— WHAT IS EXPECTED —
In the material below, begin at the line that has "Enjoy a spacious", stop after the line that has "OQu廣州南創(chuàng)電子科技有限公司美國傳力T", and transcribe those lines exactly, without pictures.

— RECORD EXTRACTS —
┄┄┄┄┄┄┄┄┄┄┄┄┄┄┄┄┄┄┄┄

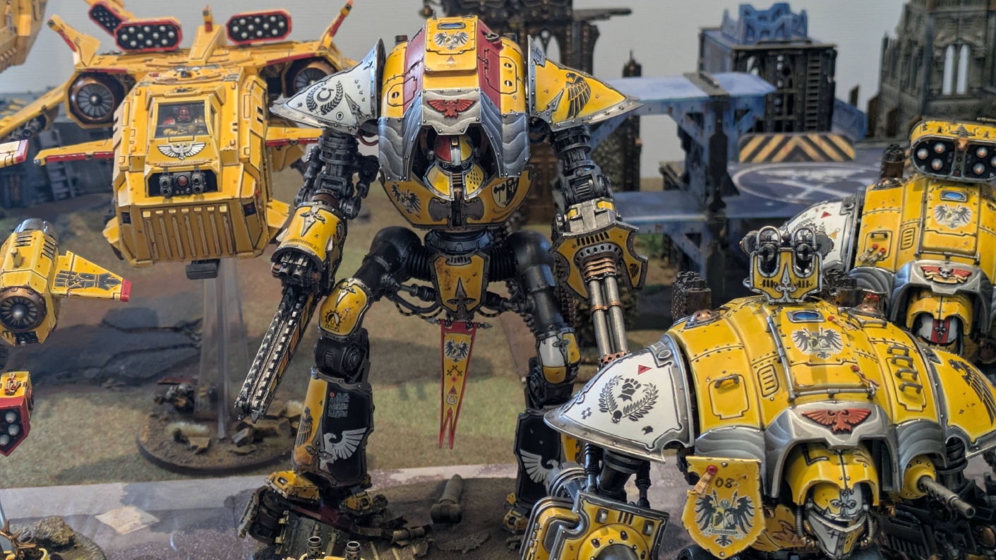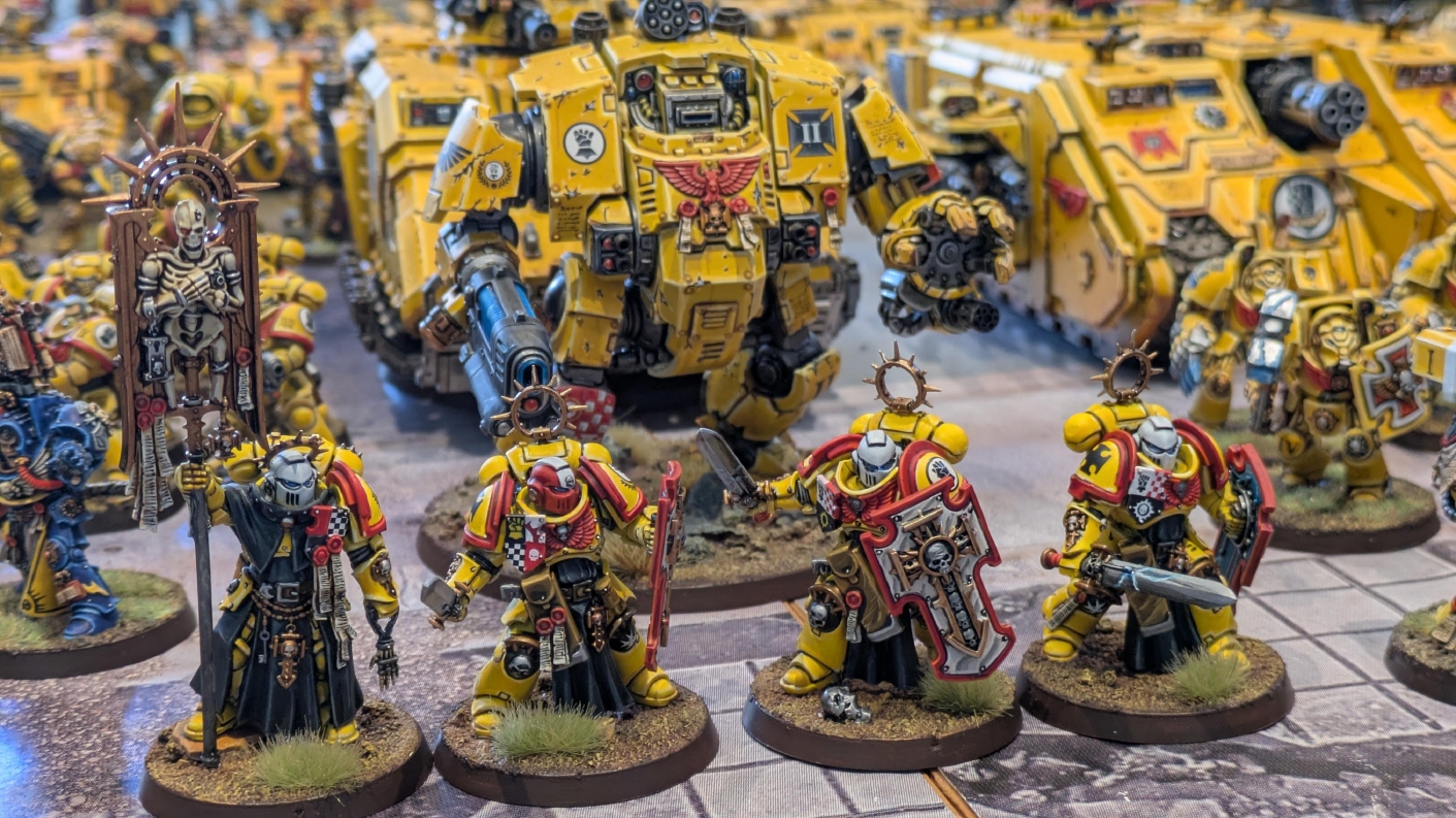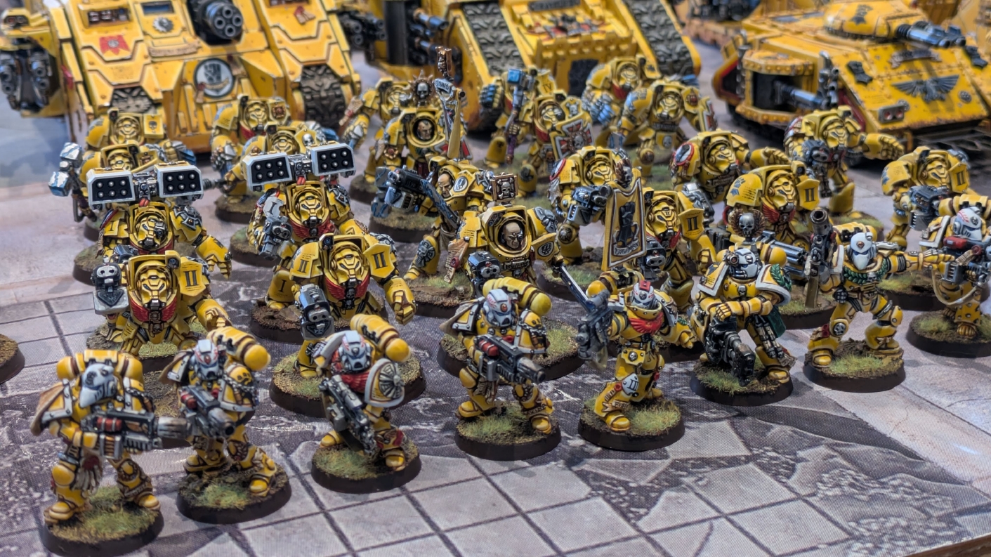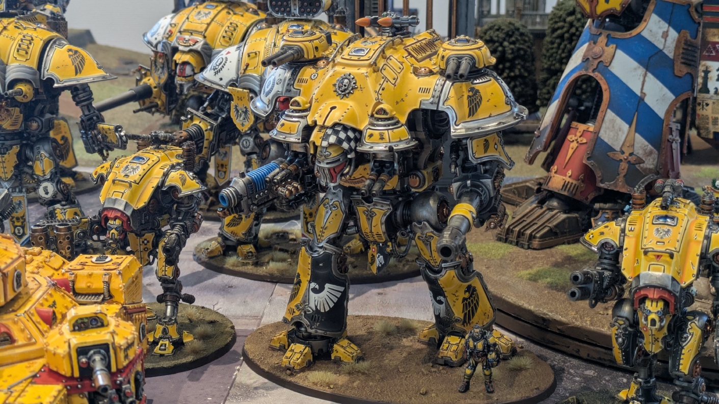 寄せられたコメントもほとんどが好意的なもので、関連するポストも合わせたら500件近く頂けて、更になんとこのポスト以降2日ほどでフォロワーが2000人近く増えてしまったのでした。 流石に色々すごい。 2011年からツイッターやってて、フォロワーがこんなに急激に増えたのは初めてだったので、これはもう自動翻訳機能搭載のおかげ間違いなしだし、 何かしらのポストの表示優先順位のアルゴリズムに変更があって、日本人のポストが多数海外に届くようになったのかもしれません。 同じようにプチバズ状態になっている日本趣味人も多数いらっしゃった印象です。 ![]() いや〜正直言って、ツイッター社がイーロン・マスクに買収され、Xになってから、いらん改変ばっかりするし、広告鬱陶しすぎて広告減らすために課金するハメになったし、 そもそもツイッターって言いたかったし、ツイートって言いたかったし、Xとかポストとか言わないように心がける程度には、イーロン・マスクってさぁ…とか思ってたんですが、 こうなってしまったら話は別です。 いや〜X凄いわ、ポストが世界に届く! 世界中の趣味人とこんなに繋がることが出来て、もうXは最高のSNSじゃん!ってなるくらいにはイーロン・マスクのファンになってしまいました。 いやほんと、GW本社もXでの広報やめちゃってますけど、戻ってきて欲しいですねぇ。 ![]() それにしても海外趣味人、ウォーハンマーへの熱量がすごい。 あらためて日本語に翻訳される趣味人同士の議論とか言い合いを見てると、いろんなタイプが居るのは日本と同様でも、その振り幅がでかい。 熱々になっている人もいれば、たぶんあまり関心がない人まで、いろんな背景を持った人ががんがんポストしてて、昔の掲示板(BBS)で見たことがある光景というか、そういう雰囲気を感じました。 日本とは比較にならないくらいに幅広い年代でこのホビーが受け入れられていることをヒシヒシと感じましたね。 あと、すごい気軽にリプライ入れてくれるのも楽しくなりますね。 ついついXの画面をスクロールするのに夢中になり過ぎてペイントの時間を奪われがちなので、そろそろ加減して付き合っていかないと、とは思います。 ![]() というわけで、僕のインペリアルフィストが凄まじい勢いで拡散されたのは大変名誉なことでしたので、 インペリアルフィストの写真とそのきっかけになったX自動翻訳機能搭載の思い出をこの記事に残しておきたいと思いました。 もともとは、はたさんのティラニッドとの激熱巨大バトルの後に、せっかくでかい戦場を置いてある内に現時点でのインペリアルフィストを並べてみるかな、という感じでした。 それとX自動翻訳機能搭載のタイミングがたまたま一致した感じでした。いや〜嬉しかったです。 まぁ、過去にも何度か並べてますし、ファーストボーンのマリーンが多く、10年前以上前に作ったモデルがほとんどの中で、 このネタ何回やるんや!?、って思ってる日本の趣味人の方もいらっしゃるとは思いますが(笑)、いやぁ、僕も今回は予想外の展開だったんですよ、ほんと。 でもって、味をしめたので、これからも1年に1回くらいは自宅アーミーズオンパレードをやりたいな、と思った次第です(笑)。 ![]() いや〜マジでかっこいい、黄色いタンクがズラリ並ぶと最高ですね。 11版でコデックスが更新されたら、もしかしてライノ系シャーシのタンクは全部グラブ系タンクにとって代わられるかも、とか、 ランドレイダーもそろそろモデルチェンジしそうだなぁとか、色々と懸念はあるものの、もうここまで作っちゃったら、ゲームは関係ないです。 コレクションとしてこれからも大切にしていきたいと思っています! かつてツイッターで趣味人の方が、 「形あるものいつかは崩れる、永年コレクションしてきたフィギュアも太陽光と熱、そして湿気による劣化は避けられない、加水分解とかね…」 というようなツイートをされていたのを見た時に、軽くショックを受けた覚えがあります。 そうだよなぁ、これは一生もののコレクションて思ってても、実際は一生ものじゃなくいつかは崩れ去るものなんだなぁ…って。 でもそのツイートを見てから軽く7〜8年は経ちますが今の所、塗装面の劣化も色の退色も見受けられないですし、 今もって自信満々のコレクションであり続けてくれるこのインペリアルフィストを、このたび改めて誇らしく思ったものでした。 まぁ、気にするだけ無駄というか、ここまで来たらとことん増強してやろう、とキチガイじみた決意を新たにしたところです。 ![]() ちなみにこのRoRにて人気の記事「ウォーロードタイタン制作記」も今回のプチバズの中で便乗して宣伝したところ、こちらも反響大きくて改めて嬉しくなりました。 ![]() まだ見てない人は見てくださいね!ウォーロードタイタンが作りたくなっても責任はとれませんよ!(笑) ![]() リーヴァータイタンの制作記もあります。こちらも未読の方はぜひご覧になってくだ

┄┄┄┄┄┄┄┄┄┄┄┄┄┄┄┄┄┄┄┄

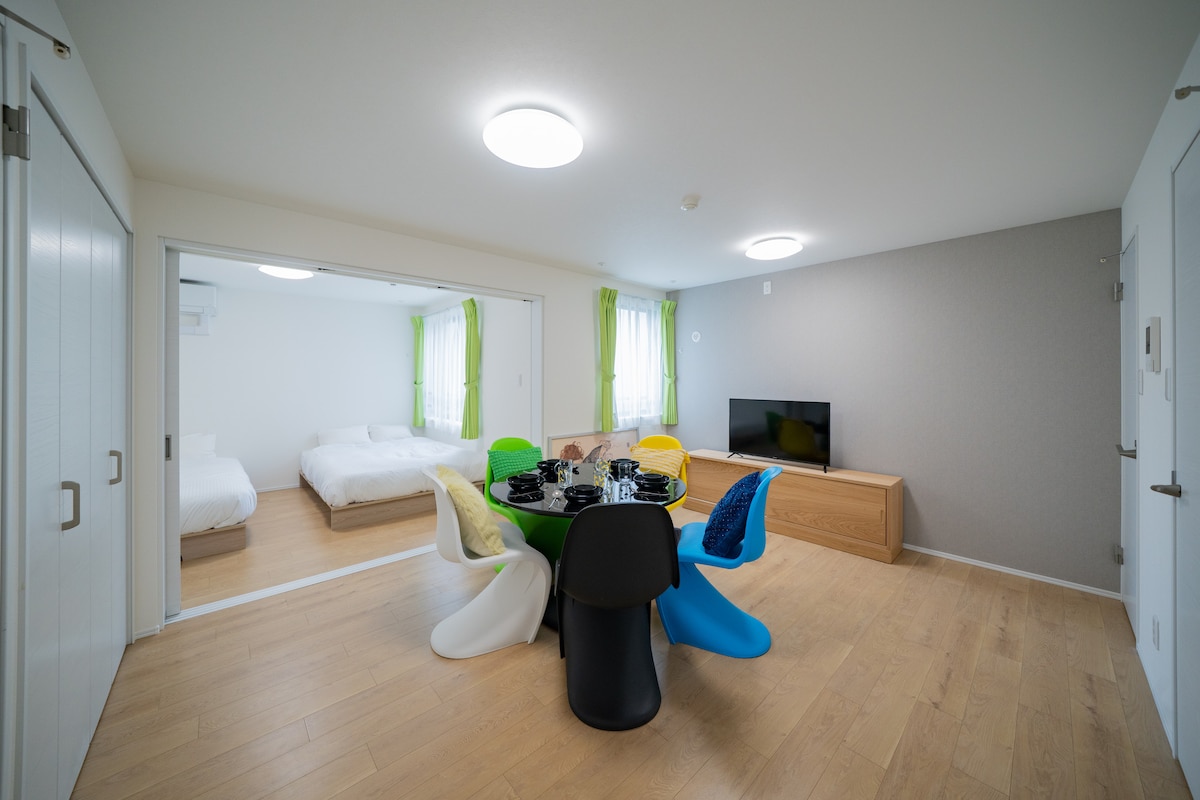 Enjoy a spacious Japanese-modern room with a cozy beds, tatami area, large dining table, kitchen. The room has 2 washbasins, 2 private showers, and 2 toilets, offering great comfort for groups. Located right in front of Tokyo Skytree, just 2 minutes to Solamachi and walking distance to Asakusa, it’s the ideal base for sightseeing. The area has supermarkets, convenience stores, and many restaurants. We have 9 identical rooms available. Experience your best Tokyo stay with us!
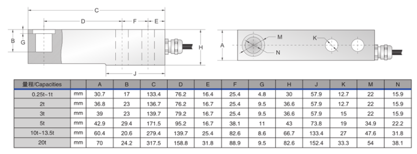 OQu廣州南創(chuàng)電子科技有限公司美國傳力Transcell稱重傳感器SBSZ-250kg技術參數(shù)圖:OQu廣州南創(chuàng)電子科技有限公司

┄┄┄┄┄┄┄┄┄┄┄┄┄┄┄┄┄┄┄┄

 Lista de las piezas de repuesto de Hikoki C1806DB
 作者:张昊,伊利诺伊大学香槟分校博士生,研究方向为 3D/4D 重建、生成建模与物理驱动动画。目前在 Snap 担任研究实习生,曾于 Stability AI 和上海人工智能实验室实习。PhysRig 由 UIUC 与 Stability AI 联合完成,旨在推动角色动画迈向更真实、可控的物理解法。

┄┄┄┄┄┄┄┄┄┄┄┄┄┄┄┄┄┄┄┄

— ANSWER FOR THIS EXERCISE —
 Enjoy a spacious Japanese-modern room with a cozy beds, tatami area, large dining table, kitchen. The room has 2 washbasins, 2 private showers, and 2 toilets, offering great comfort for groups. Located right in front of Tokyo Skytree, just 2 minutes to Solamachi and walking distance to Asakusa, it’s the ideal base for sightseeing. The area has supermarkets, convenience stores, and many restaurants. We have 9 identical rooms available. Experience your best Tokyo stay with us!
 OQu廣州南創(chuàng)電子科技有限公司美國傳力Transcell稱重傳感器SBSZ-250kg技術參數(shù)圖:OQu廣州南創(chuàng)電子科技有限公司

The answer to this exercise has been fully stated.